2. There might be offensive reasons to endorse skepticism
re: I’ve always been confused by this idea. Someone is supposed to defend “(for moral reasons), we should not act morally”. Doesn’t this seem like an obvious contradiction, or like they are attacking some particular brand of morality and giving it the label “morality”?
3. People can use justifications from moral theory when comparing impacts
re: This is fine in principle, but that just means you’ve shifted the moral standards which actually do the work of telling us which impacts matter from the “criterion” section of the case to the impacts of particular arguments. The danger here is that if this becomes a form of weighing, standards debate might not be introduced until say, the NC (when there are actually arguments to weigh between) which makes the debate less resolvable as there are fewer speeches to resolve it in.
Duby: If the idea is that the neg argues that the act in question wouldn’t be “just” but would be something else, then sure, if the neg wins that debate, then I think they’ve shown that the negation of the topic is better justified than the topic.
Jay makes a couple of points:
1. You overhype. This is not different from truth-testing
re: On one hand, you’re right that this position is not radically different from truth-testing, but part of my point was that even comparativism is not radically different from truth-testing, it is just second-order truth-testing.
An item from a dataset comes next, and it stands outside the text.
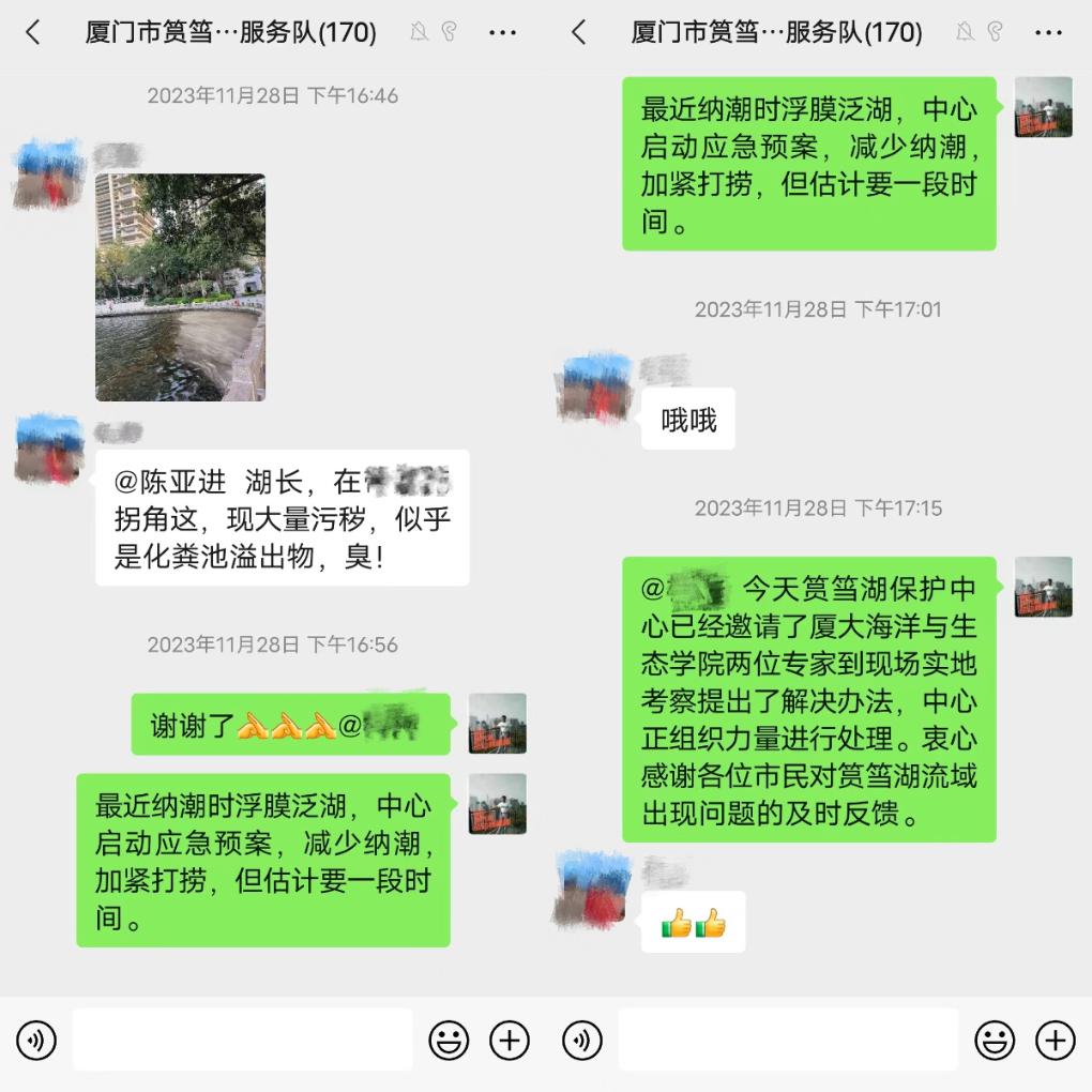 “你看,微信群里有人反映小區(qū)門口的湖水里有疑似化糞池溢出物,我們核實后啟動了應(yīng)急預(yù)案,筼筜湖保護(hù)中心邀請專家實地考察后給出了解決方案。”陳亞進(jìn)指著手機(jī)屏幕向記者介紹道。在這個名為“廈門市筼筜藍(lán)志愿服務(wù)隊”的微信群中,時不時有人@湖長反映問題,“這些都是我們志愿服務(wù)隊的骨干,他們發(fā)現(xiàn)問題就@我,我上報給筼筜湖保護(hù)中心,由他們來解決問題。”

On the other, you’re missing two other differences between my view and trad t-t. (1) The question becomes not if the resolution is in fact true, but whether or not we are justified in believing it. This means that any drop which entails the falsity of the resolution does not immediately result in negation - it’s weight depends on the evidential merits of the argument. This means that debaters can weigh the probability of the truth of arguments in later speeches to suggest that they have still shown the topic to be reasonably false. This also means that debaters don’t have to outright refuse skepticial arguments, they just have to show we are well justified in rejecting them. (2) I incorporate offense-defense.
2. You don’t bar skeptical arguments wholesale
re: That is correct, and I explicitly say as much. I think if you want to argue that a skeptical argument should be excluded, you should explain specifically why that argument is bad for debate (kills turn ground and whatever) , or why an evaluation of the debate presupposes the notion they are attacking (i.e. some people think that the sentence “The present king of france is bald” is not false if the sentence “There is no king of france now” is true - the first sentence just does not have a truth-value. One might argue the same thing about critiques of justice or whatever). I think debaters should be allowed to defend the merits of skeptical argumentation, and that there is no quick-fix at the level of paradigm.
3.GROUND DIVISION -
re: So the affirmative picks an action and says “we should do this”. Can’t the negative just say “no, it’s not true that we should do it, because there are no facts about what we should do” and then you just get the presumption problem I’ve argued the comparative view runs into?
Posted from: 66.240.48.106
April 15th, 2008 14:07
Eric:
1. I’m not sure you’re interpreting my argument correctly. My point is that I would not always vote negative on presumption. I would presume for the status quo, which accesses the fairness and educational benefits I describe. Yes, that just changes how skeptical arguments win the debate. But that was my point: I object to winning on skeptical arguments without offensive implications, not the substance of skeptical claims.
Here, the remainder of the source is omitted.